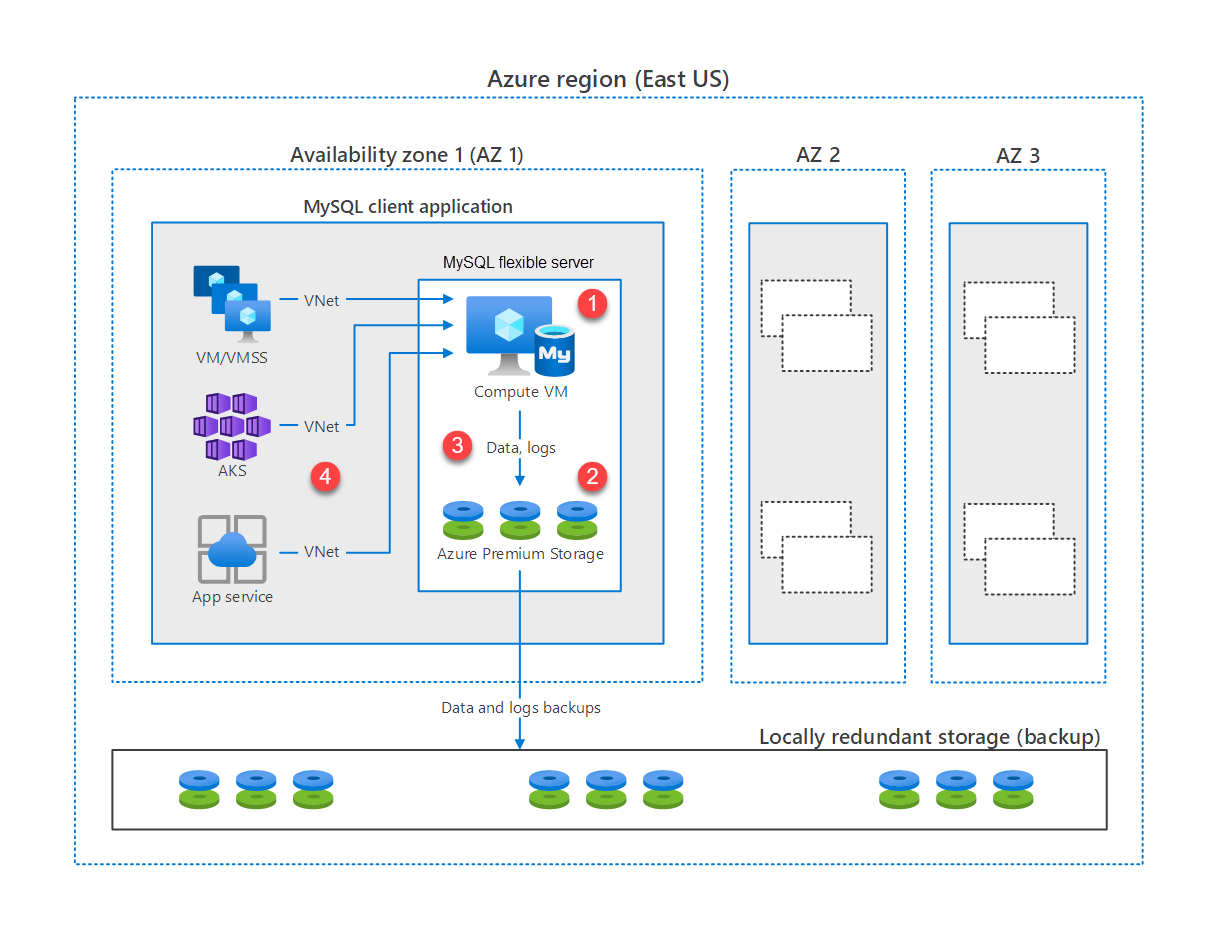 MySQL 인스턴스는 Azure VM에서 실행되며, 데이터와 로그는 Azure Preminu Storage에 저장된다.
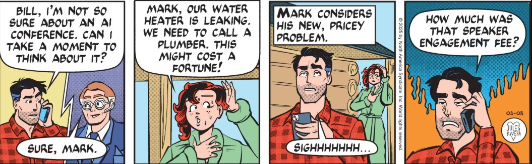 Oh, poor Mark. Thrown into the fires of fate by reality, or at least by a diabolus ex machina (by the way, I like that fiery symbolism in panel 4. Good imagery!). We know that sometimes reality bites. And it sure looked like Mark was about ready to turn down Bill’s proposal, too. So sorry, Mark!
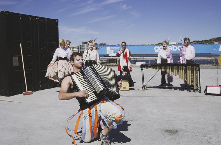 Två rytmiska gymnaster – eller kvastobater som de kallas – dansar, gör akrobatik och kastar med sina sopkvastar, två andra dansar såväl vals som jive, medan en jonglör kommer fram ur den stora gröna soptunna. Allt fler stannar till när de hör ljudet av slagverksinstrumentet marimba, gitarr, dragspel och Caroline Gustavssons sång sprida sig på Avenyn och överrösta ljudet från soundchecket på Götaplatsens scen som för tillfället pågår. Det är Cirkus Skrots första dag på Kulturkalaset, men familjeförställningen spelade de tidigare under sommaren på några utvalda platser runt om i stan.
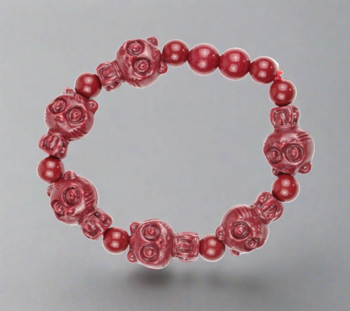Beaded with vibrant Cinnabar crystal stones and adorned with cute kitty cats, this children's bracelet is a must-have for any trendy little one. Let the calming energy of Cinnabar stone bring balance and positivity, while the playful feline designs add a touch of whimsy to any outfit. Meow-velous!
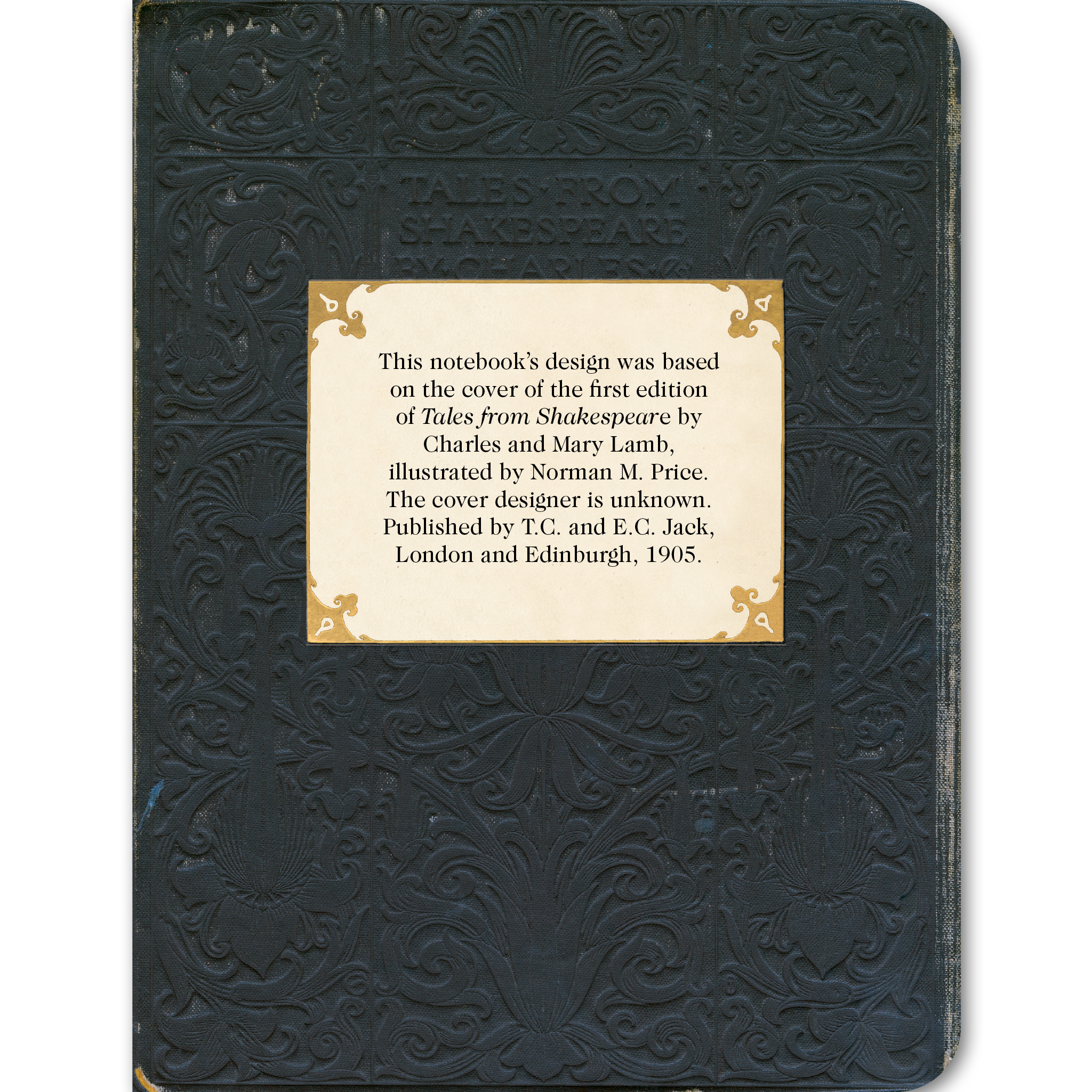 This vintage notebook’s design was based on the cover of the first edition of Tales From Shakespeare by Charles and Mary Lamb, illustrated by Norman M. Price. The cover designer is unknown. Published by T.C. and E.C. Jack, London and Edinburgh, 1905.
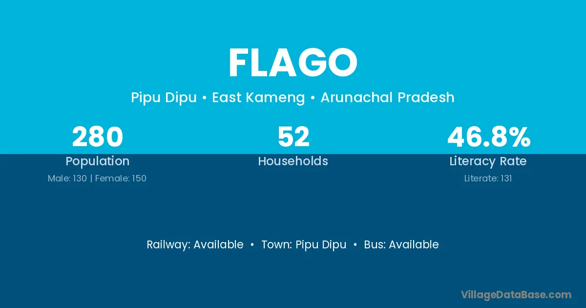 The literacy rate of Flago village is 46.79%. Male literacy stands at 55.38% and female literacy at 39.33%.

====

* _Task prompt_: Nothing but the lines from the one with "Två rytmiska gymnaster" through the last line of the records should appear in your answer, each exactly as written and without pictures.

* _Completed task_:
 Två rytmiska gymnaster – eller kvastobater som de kallas – dansar, gör akrobatik och kastar med sina sopkvastar, två andra dansar såväl vals som jive, medan en jonglör kommer fram ur den stora gröna soptunna. Allt fler stannar till när de hör ljudet av slagverksinstrumentet marimba, gitarr, dragspel och Caroline Gustavssons sång sprida sig på Avenyn och överrösta ljudet från soundchecket på Götaplatsens scen som för tillfället pågår. Det är Cirkus Skrots första dag på Kulturkalaset, men familjeförställningen spelade de tidigare under sommaren på några utvalda platser runt om i stan.
Beaded with vibrant Cinnabar crystal stones and adorned with cute kitty cats, this children's bracelet is a must-have for any trendy little one. Let the calming energy of Cinnabar stone bring balance and positivity, while the playful feline designs add a touch of whimsy to any outfit. Meow-velous!
 This vintage notebook’s design was based on the cover of the first edition of Tales From Shakespeare by Charles and Mary Lamb, illustrated by Norman M. Price. The cover designer is unknown. Published by T.C. and E.C. Jack, London and Edinburgh, 1905.
 The literacy rate of Flago village is 46.79%. Male literacy stands at 55.38% and female literacy at 39.33%.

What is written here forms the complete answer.